I think a much less blessed scheme would be appropriate for the regex engine, in which numbered submatches are collected into match variables @/ and %/. For @/, each capturing group generates a capture:
- If the capturing group is quantified, it is an arrayref of captures, one for each repetition.
- Otherwise, if the capturing group contains no submatches, the capture is a string containing the captured text.
- Otherwise, $/[0] contains the captured text, and @/[1..N] contain the captures for nested groups $1 ... $N, where the indices are numbered starting from the first nested submatch.
Similarly, for %/, each capturing group yields a hash capture:
- $/{0} is the entire text.
- If (?'NAME'...) has no subcaptures, $/{NAME} is the captured text.
- Otherwise if (?'NAME'...) is quantified, $/{NAME} is an arrayref of hash captures, one entry for each repetition.
- Otherwise, $/{NAME} is a hash capture.
- (maybe) $/{1} through $/{N} are like $/{NAME}, but for all captures, not just named ones.

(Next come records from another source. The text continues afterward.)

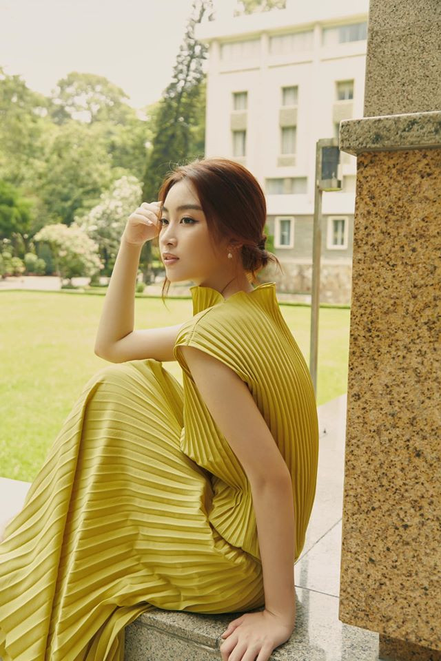 Diện bộ váy xếp ly độc đáo màu vàng có kiểu dáng thiết kế tinh tế, nhan sắc của Đỗ Mỹ Linh xinh đẹp thêm bội phần.
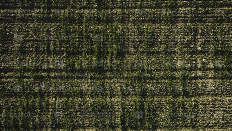 Вид с воздуха зеленых кукурузных полей, растущих рядами, концепция сельского хозяйства
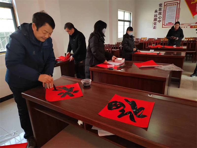 本网讯记者刘毅 通讯员屈金凯报道:1月29日,宜城市新时代文明实践中心、市委宣传部、市文联、市书法家协会走进郑集镇皇城村新时代文明实践站,联合开展红色文艺轻骑兵送春联下乡志愿服务活动,把新春美好祝福送进千家万户。
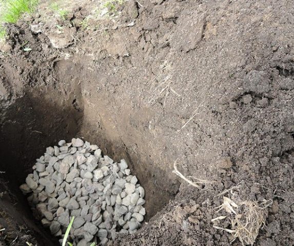 - Després que l'aigua hagi entrat completament al sòl, el fons del forat s'escampa amb una capa de drenatge. Com a drenatge s’utilitzen trossos de maó, grava, còdols i fragments d’argila trencats. El gruix òptim de la capa és de 15-20 cm.
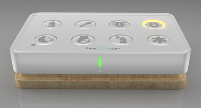 The hardware can be used by any of the baby's caretakers — parents, family members, or professional caretakers — to log feedings, diaper changes, naps, etc. with the push of a button. Parents can then keep track of their child's day while at work as the buttons sync with the app.
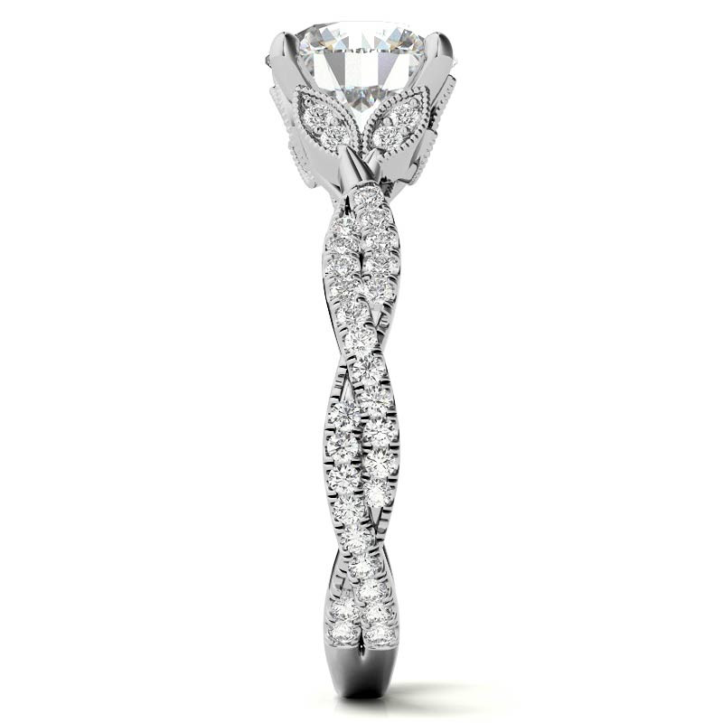 #enr865 Leaf Accent Infinity Style Round Brilliant Moissanite Engagement Ring
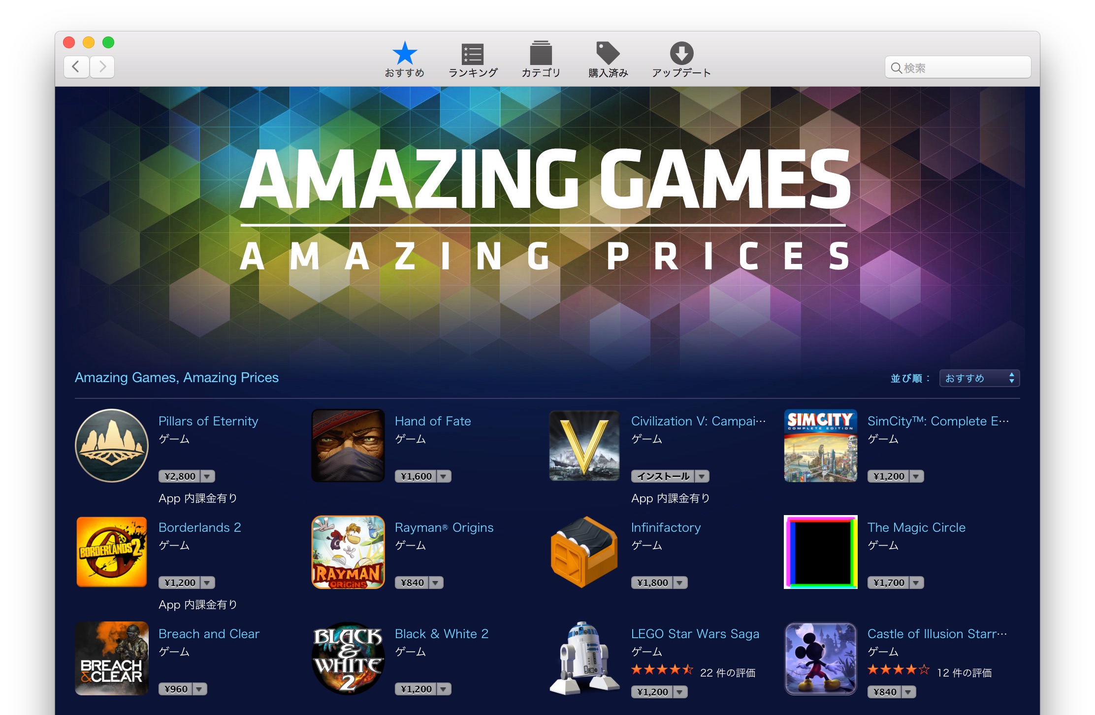 昨日から複数のゲームアプリがMac App Storeで一斉にセールを始めていましたが、本日AppleがMac App Storeでスター・ウォーズやSimCityなど有名タイトル36作品を最大75%OFFで販売する「Amazing Games Amazing Prices」を始めたようです。
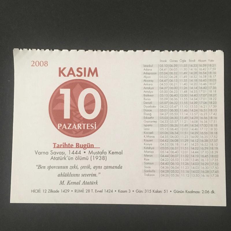 10 KASIM 2008 -TAKVİM YAPRAĞI-DOĞUM GÜNÜ HEDİYESİ-KUVEYT TÜRK TAKVİMİ,VARNA SAVAŞI,1444,ATATÜRKÜN ÖLÜMÜ 1938,MUSTAFA KEMAL ATATÜRK,
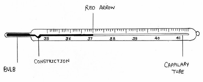 It operates on the principle of thermal expansion. Traditionally, it contained a narrow, sealed glass tube with a bulb at one end filled with mercury. When placed in the mouth, armpit, or rectum, the heat from the body causes the mercury to expand, forcing it to rise up the narrow constriction (kink) in the tube. This kink prevents the mercury from falling back immediately after removal, allowing for a reading to be taken.
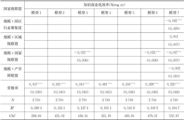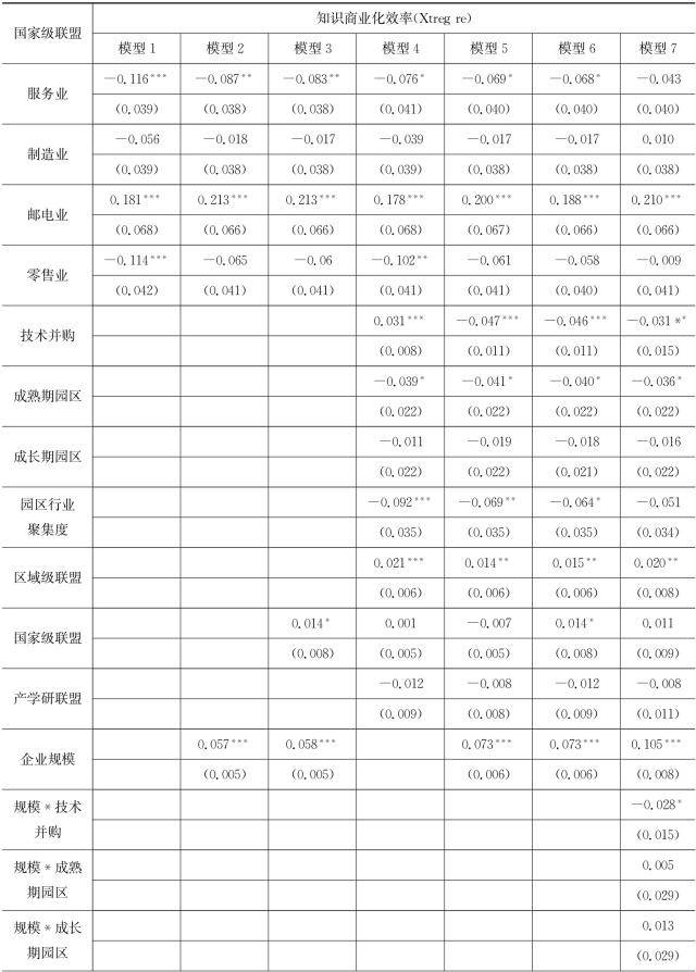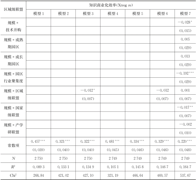 表7.5 企业所加入的区域级联盟对企业知识商业化效率作用模型的回归结果
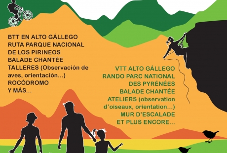 Las dos actividades principales de la primera Fiesta de la Montaña Transfronteriza serán BTT en Alto Gallego y el senderismo en el Parque nacional de los Pirineos. Además, durante toda la jornada se realizarán otras actividades complementarias como talleres (identificación de aves con SEO/BirdLife, …), balade chantée, rocódromo, presencia de los agentes del parque nacional…

For example, I believe the above rules should yield:
$sexp = qr/
(?<sexp>
\s* \( \s* (?&sexp)* \s* \) \s*
| \s* (?<atom>\w+) \s*
)/x;
'(A (B C))' =~ /$sexp/;
## AFTERWARDS
%/ = (sexp => {
0 => '(A (B C))',
sexp => [{ 0 => 'A', atom => 'A' },
{ 0 => '(B C)',
sexp => [{ 0 => 'B', atom => 'B' },
{ 0 => 'C', atom => 'C' }] }]};
@/ = ('(A (B C))',
[['A', 'A'],
['(B C)', [['B', 'B'],
['C', 'C']]]]);
There are probably some obvious oversights here, but I'll try to get the Regexp::Parser version of this working to shake the bugs out.